_What this task involves:_ Please retype the data below line for line and leave out every picture.

_Supplied data:_
──────────

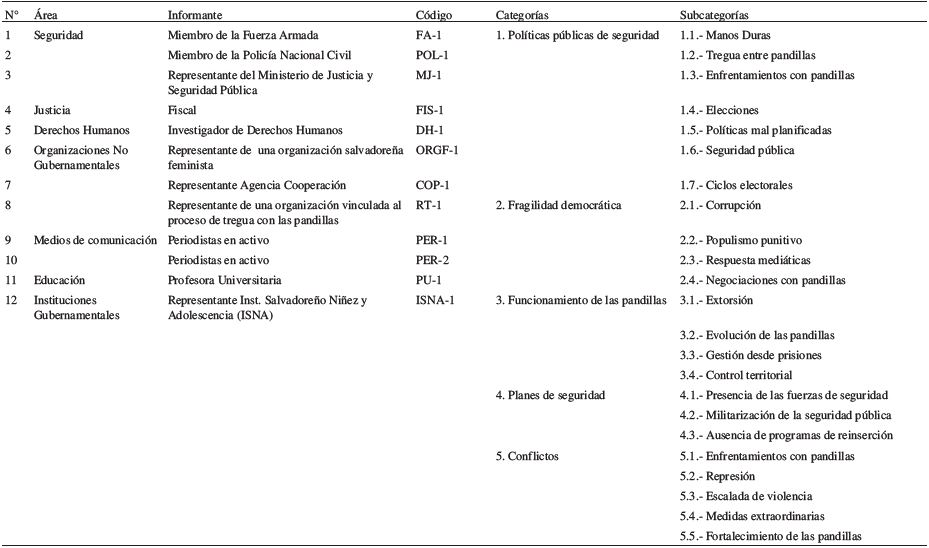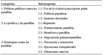 El proceso de categorización se articuló a partir de la propuesta de Patton (1990), realizando entrevistas apoyadas en un guion que abordó distintas áreas de conceptuales y que posteriormente se diseccionaron en categorías y subcategorías de análisis. Esta preservación se moduló en ambas técnicas. Con este objeto se secuenciaron las siguientes categorías: políticas públicas de seguridad, democracia estructural, pandillas - ideologías y violencias, seguridad pública, propuestas de solución y reinserción. Para este artículo, presentamos las cinco primeras que mostramos en el cuadro descriptivo (Tabla 4 y Tabla 5).
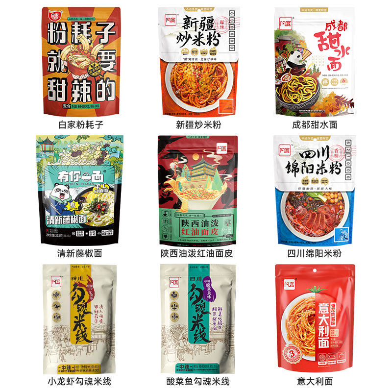 9 bags of 9 flavors(Combination 1) 6 bags of 6 flavors(Combination 2) 9 bags of 9 flavors (Combination 3) 6 bags of 6 flavors(Combination 4) (2 bags)Sweet water noodles Mianyang Rice Noodles (3 bags)
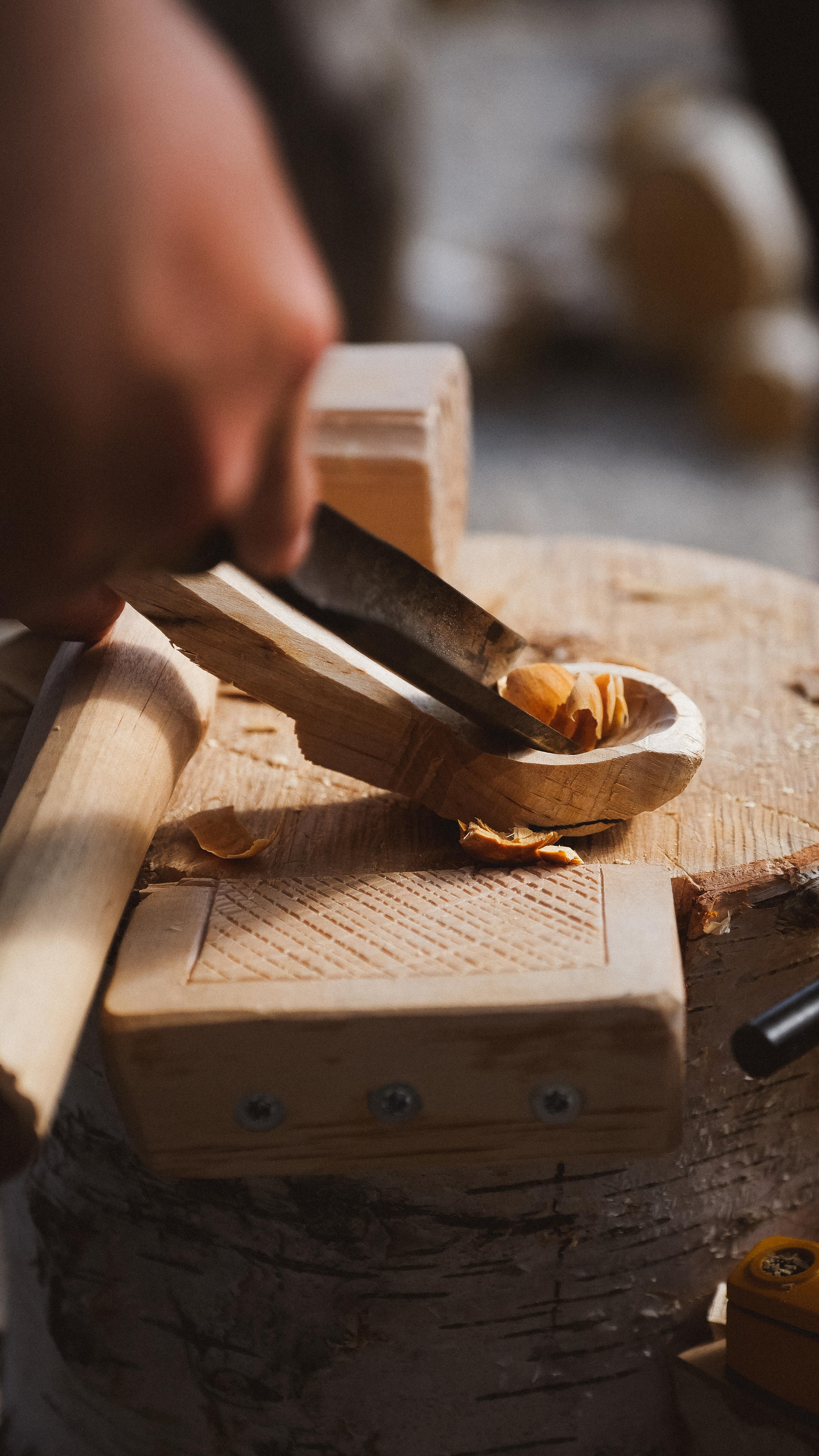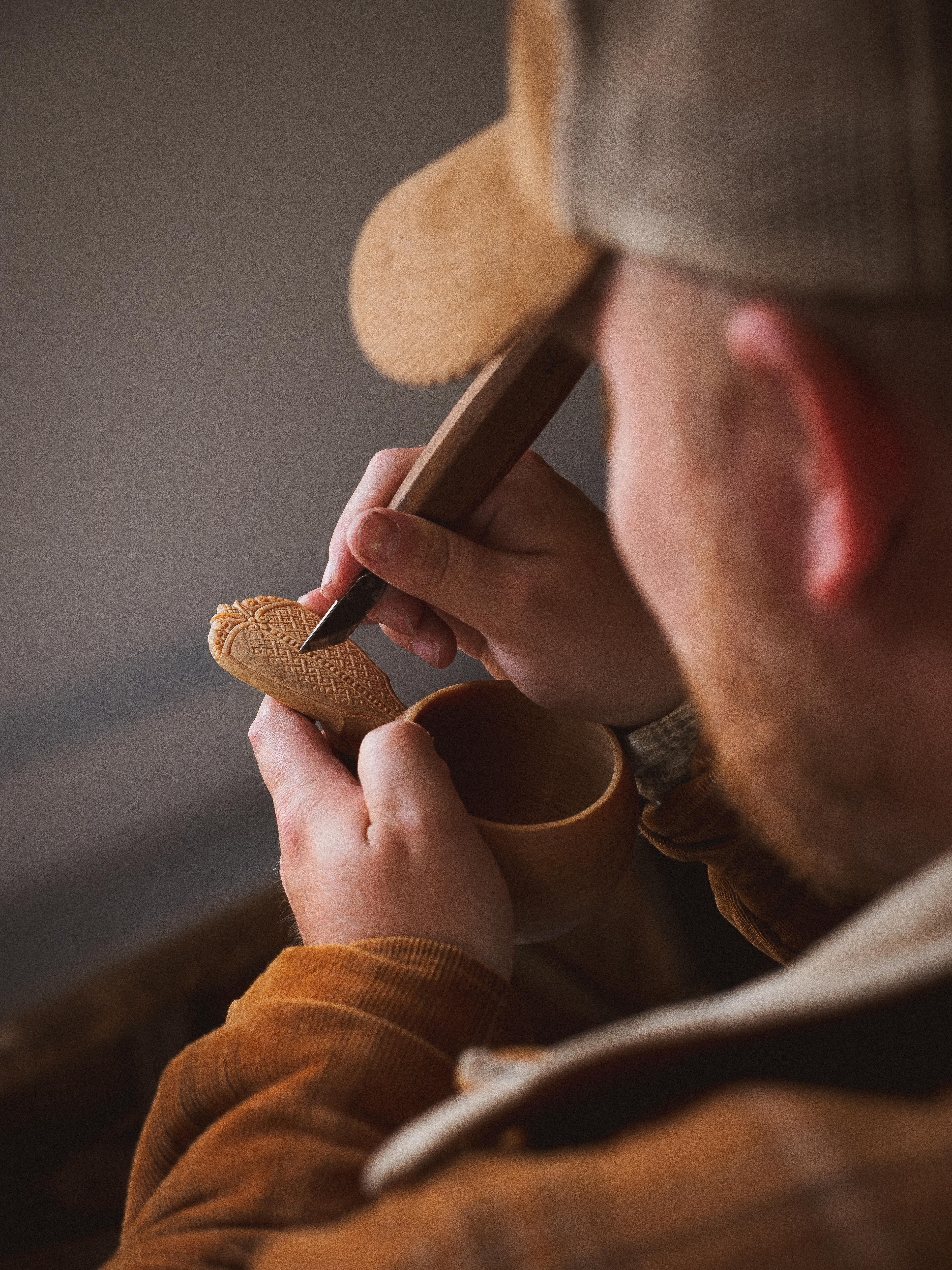 It’s easy to think that Per has never done anything but woodworking. The truth is quite different. His most intense love for the axe, knife, and wood came only in 2017 after a tough period of illnesses. The discovery of an old woodworking shop in the attic of his childhood home became the catalyst for a new lifestyle. Creating became central, and carving became Per’s anchor.

──────────

_Solution for this problem:_
 El proceso de categorización se articuló a partir de la propuesta de Patton (1990), realizando entrevistas apoyadas en un guion que abordó distintas áreas de conceptuales y que posteriormente se diseccionaron en categorías y subcategorías de análisis. Esta preservación se moduló en ambas técnicas. Con este objeto se secuenciaron las siguientes categorías: políticas públicas de seguridad, democracia estructural, pandillas - ideologías y violencias, seguridad pública, propuestas de solución y reinserción. Para este artículo, presentamos las cinco primeras que mostramos en el cuadro descriptivo (Tabla 4 y Tabla 5).
 9 bags of 9 flavors(Combination 1) 6 bags of 6 flavors(Combination 2) 9 bags of 9 flavors (Combination 3) 6 bags of 6 flavors(Combination 4) (2 bags)Sweet water noodles Mianyang Rice Noodles (3 bags)
 It’s easy to think that Per has never done anything but woodworking. The truth is quite different. His most intense love for the axe, knife, and wood came only in 2017 after a tough period of illnesses. The discovery of an old woodworking shop in the attic of his childhood home became the catalyst for a new lifestyle. Creating became central, and carving became Per’s anchor.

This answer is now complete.